▸ WHAT YOU NEED TO DO
Every entry is to be returned as it stands, apart from the pictures.

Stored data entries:
—————
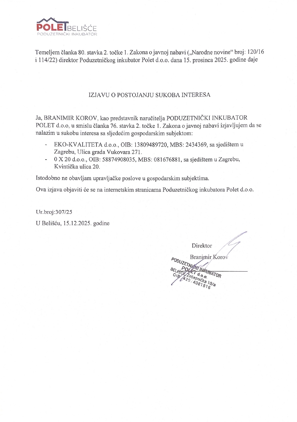 IZJAVA O POSTOJANJU SUKOBA INTERESA
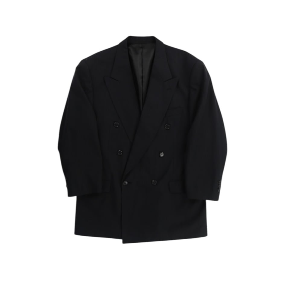 大ぶりなピークドラペルでゆとりある身幅からずどんと堂々のボックスシルエット
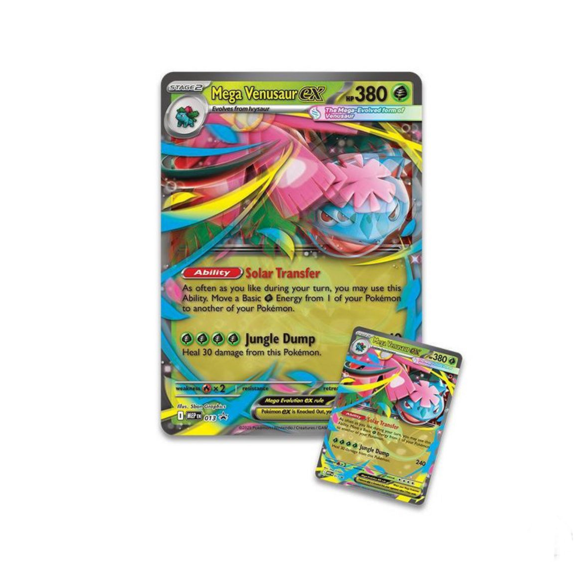 as you please, ensuring you’re always ready to attack. In this collection, you get a playable foil promo card and an oversize lenticular promo card featuring Mega Venusaur ex, along with a tech sticker for decorating devices, binders, and notebooks. You’ll find even more Pokémon inside a stack of Pokémon TCG booster packs
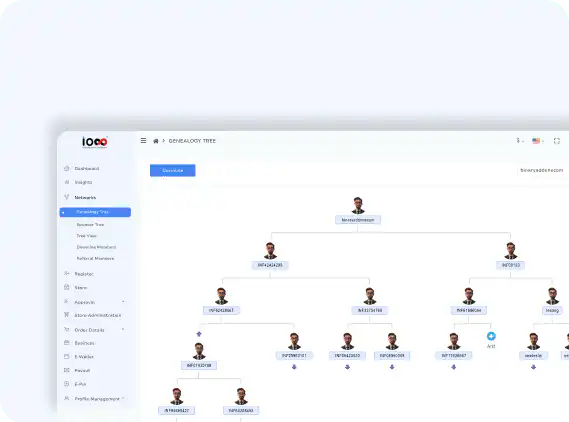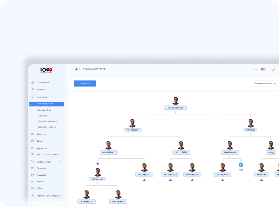 Access advanced features Manage the entire network through an interactive genealogy tree view. Add, organize, and monitor distributors across levels using a single unified interface.
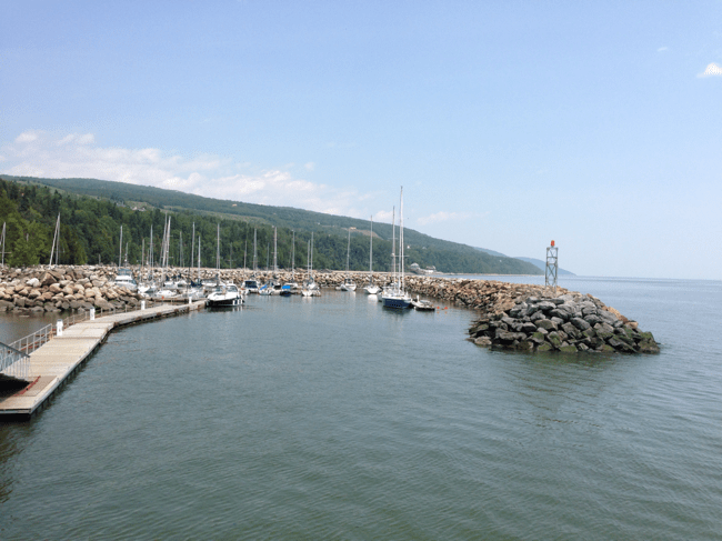 We made such good time that we were way too early to go into Matane – you cannot access the marina during low tide. Dennis called the harbourmaster and he told us to wait for an hour, so we went back to the commercial harbour and toured it. (Not too exciting but we had an hour to kill).
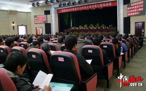 3月25日至26日,来自花垣县、保靖县、龙山县的540余名农民技术员和橘农参加在花垣县举办的全州2010年度百万农民大培训第三期培训,及时了解国内外现代农业发展进程、国家惠农支农政策和当前柑橘产业综合形势,学习如何完善农业农村协会组织、树立过硬品牌以及先进柑橘培管技术。州委常委、副州长吴彦承,州人大常委会副主任罗天明出席培训活动。州人民政府副秘书长文武斌主持。 为期两天的培训中,罗天明从种植、养殖、畜牧三个领域列举实例,介绍了自己在国外所了解到的现代化农业水平,深刻分析了我州农业及柑橘产业的发展情况。他指出,我州柑橘产业通过多年不懈的努力和培管,已经成为支撑农村经济发展,提高农民收入的支柱产业,但离现代化农业的标准还有不少的差距,全州各级各部门和广大农民技术员及橘农要转变观念,找出差距抓基础、学先进、超先进,大力培养高素质、有文化、懂技术、会经营的现代化农民,想方设法提高柑橘产品的质量和效益。参讲专家在讲课时还提出,我州柑橘要打出响当当的品牌才有好的销路,要用好的品质和诚信塑造品牌,用品牌占领市场。 吴彦承指出,现代化农业的发展需要科技支撑,州委、州政府举办全州百万农民大培训活动就是为了让我州广大的村干部和群众了解和发展现代农业,实现我州农业产业化新跨越。他强调,柑橘产业是我州农业最大的支柱产业,必须高度重视做大做强,不能把产业当副业。在柑橘生产销售过程中要严格标准化培管提高质量,注明产地统一品牌,建立市场网络营销,优化储藏加工保质增效,树立诚信长远收益。农民技术员要认真履行职责发挥作用,学好技术和政策,有计划的组织全面培训服务于民。他希望,县乡村干部、农民技术员和橘农要迎难而上、锐意进取,通过5~7年时间把柑橘产业打造成百亿产业,让湘西富硒椪柑名扬海内外,造福湘西农民。
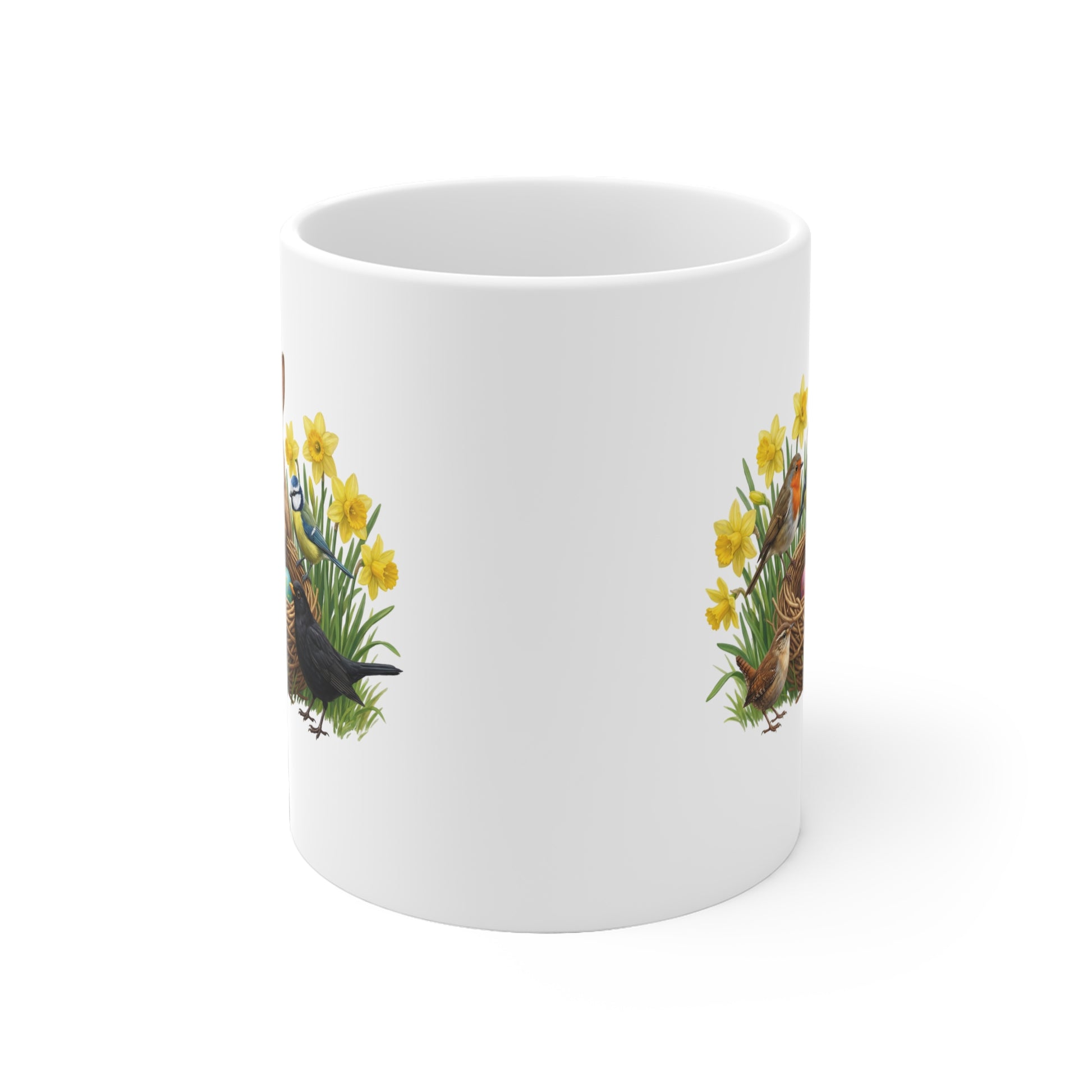Kaninchen Rotkehlchen Amsel am Nest mit Osterglocken Tasse - Oster-Geschenk für Vogelfreunde
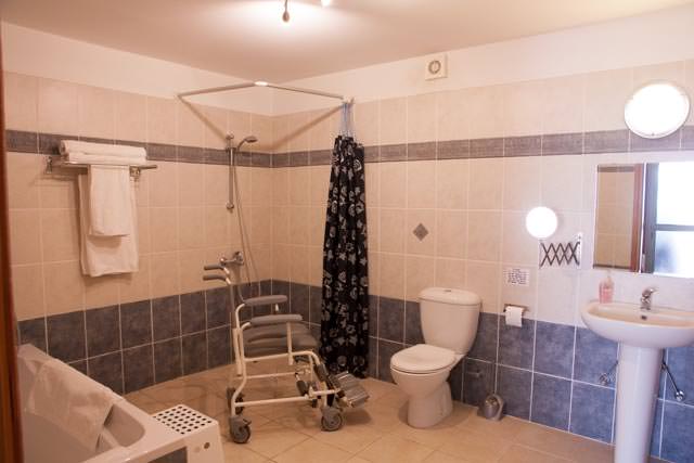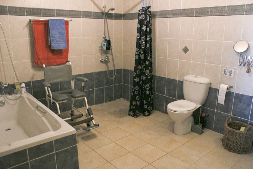- Accessible wet room with a wheel in shower, shower chair and bath
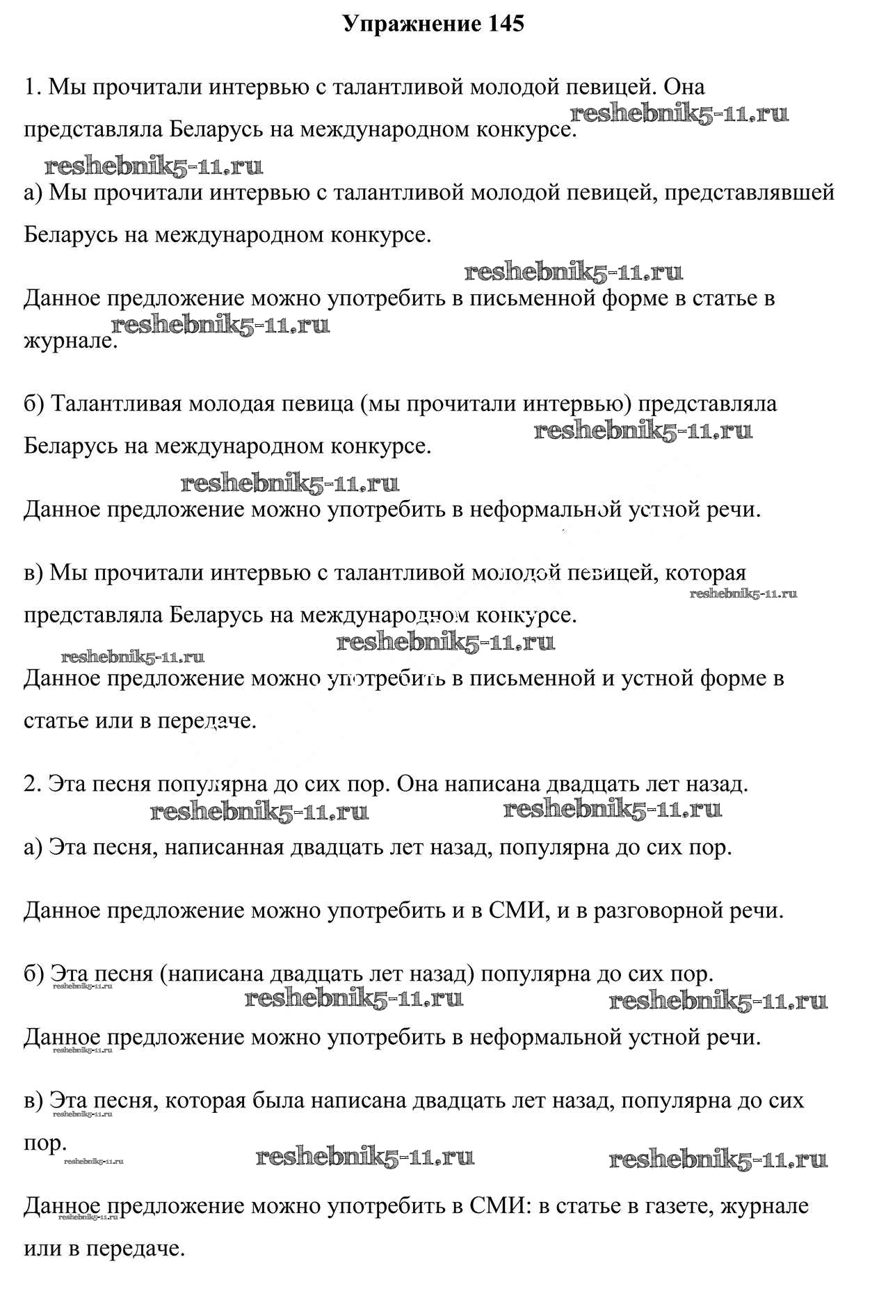Готовая домашняя работа с ответами по Русскому языку за 9 класс Мурина, Литвинко, Долбик Учебник Национальный институт образования 2011 ФГОС - Упражнения 145
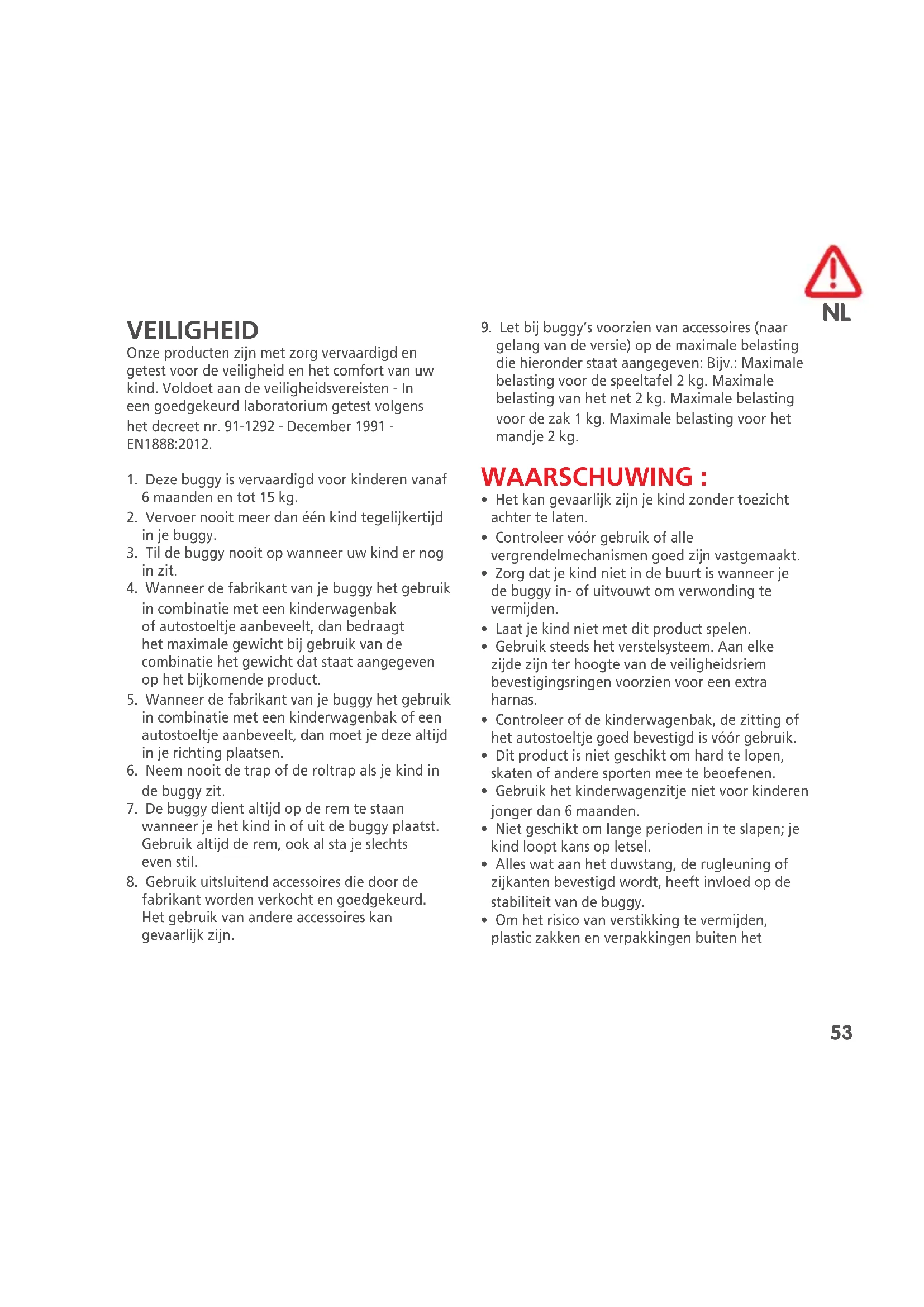 VEILIGHEID Onze producten zijn met zorg vervaardigd en getest voor de veiligheid en het comfort van uw kind. Voldoet aan de veiligheidsvereisten - In een goedgekeurd laboratorium getest volgens het decreet nr. 91-1292 - December 1991 - EN1888:2012.
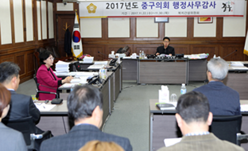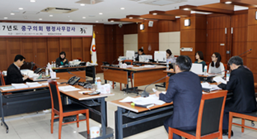 중구의회 행정보건위원회(위원장 양은미)는 지난달 22일 중구청 지하합동상황실에서 공보실, 감사담당관, 행정관리국(총무과, 자치행정과)을 시작으로 소관부서에 대한 2017년도 행감을 실시했다.
—————
▸ ANSWER TO THE PROBLEM
 IZJAVA O POSTOJANJU SUKOBA INTERESA
 大ぶりなピークドラペルでゆとりある身幅からずどんと堂々のボックスシルエット
 as you please, ensuring you’re always ready to attack. In this collection, you get a playable foil promo card and an oversize lenticular promo card featuring Mega Venusaur ex, along with a tech sticker for decorating devices, binders, and notebooks. You’ll find even more Pokémon inside a stack of Pokémon TCG booster packs
 Access advanced features Manage the entire network through an interactive genealogy tree view. Add, organize, and monitor distributors across levels using a single unified interface.
 We made such good time that we were way too early to go into Matane – you cannot access the marina during low tide. Dennis called the harbourmaster and he told us to wait for an hour, so we went back to the commercial harbour and toured it. (Not too exciting but we had an hour to kill).
 3月25日至26日,来自花垣县、保靖县、龙山县的540余名农民技术员和橘农参加在花垣县举办的全州2010年度百万农民大培训第三期培训,及时了解国内外现代农业发展进程、国家惠农支农政策和当前柑橘产业综合形势,学习如何完善农业农村协会组织、树立过硬品牌以及先进柑橘培管技术。州委常委、副州长吴彦承,州人大常委会副主任罗天明出席培训活动。州人民政府副秘书长文武斌主持。 为期两天的培训中,罗天明从种植、养殖、畜牧三个领域列举实例,介绍了自己在国外所了解到的现代化农业水平,深刻分析了我州农业及柑橘产业的发展情况。他指出,我州柑橘产业通过多年不懈的努力和培管,已经成为支撑农村经济发展,提高农民收入的支柱产业,但离现代化农业的标准还有不少的差距,全州各级各部门和广大农民技术员及橘农要转变观念,找出差距抓基础、学先进、超先进,大力培养高素质、有文化、懂技术、会经营的现代化农民,想方设法提高柑橘产品的质量和效益。参讲专家在讲课时还提出,我州柑橘要打出响当当的品牌才有好的销路,要用好的品质和诚信塑造品牌,用品牌占领市场。 吴彦承指出,现代化农业的发展需要科技支撑,州委、州政府举办全州百万农民大培训活动就是为了让我州广大的村干部和群众了解和发展现代农业,实现我州农业产业化新跨越。他强调,柑橘产业是我州农业最大的支柱产业,必须高度重视做大做强,不能把产业当副业。在柑橘生产销售过程中要严格标准化培管提高质量,注明产地统一品牌,建立市场网络营销,优化储藏加工保质增效,树立诚信长远收益。农民技术员要认真履行职责发挥作用,学好技术和政策,有计划的组织全面培训服务于民。他希望,县乡村干部、农民技术员和橘农要迎难而上、锐意进取,通过5~7年时间把柑橘产业打造成百亿产业,让湘西富硒椪柑名扬海内外,造福湘西农民。
Kaninchen Rotkehlchen Amsel am Nest mit Osterglocken Tasse - Oster-Geschenk für Vogelfreunde
- Accessible wet room with a wheel in shower, shower chair and bath
Готовая домашняя работа с ответами по Русскому языку за 9 класс Мурина, Литвинко, Долбик Учебник Национальный институт образования 2011 ФГОС - Упражнения 145
 VEILIGHEID Onze producten zijn met zorg vervaardigd en getest voor de veiligheid en het comfort van uw kind. Voldoet aan de veiligheidsvereisten - In een goedgekeurd laboratorium getest volgens het decreet nr. 91-1292 - December 1991 - EN1888:2012.
 중구의회 행정보건위원회(위원장 양은미)는 지난달 22일 중구청 지하합동상황실에서 공보실, 감사담당관, 행정관리국(총무과, 자치행정과)을 시작으로 소관부서에 대한 2017년도 행감을 실시했다.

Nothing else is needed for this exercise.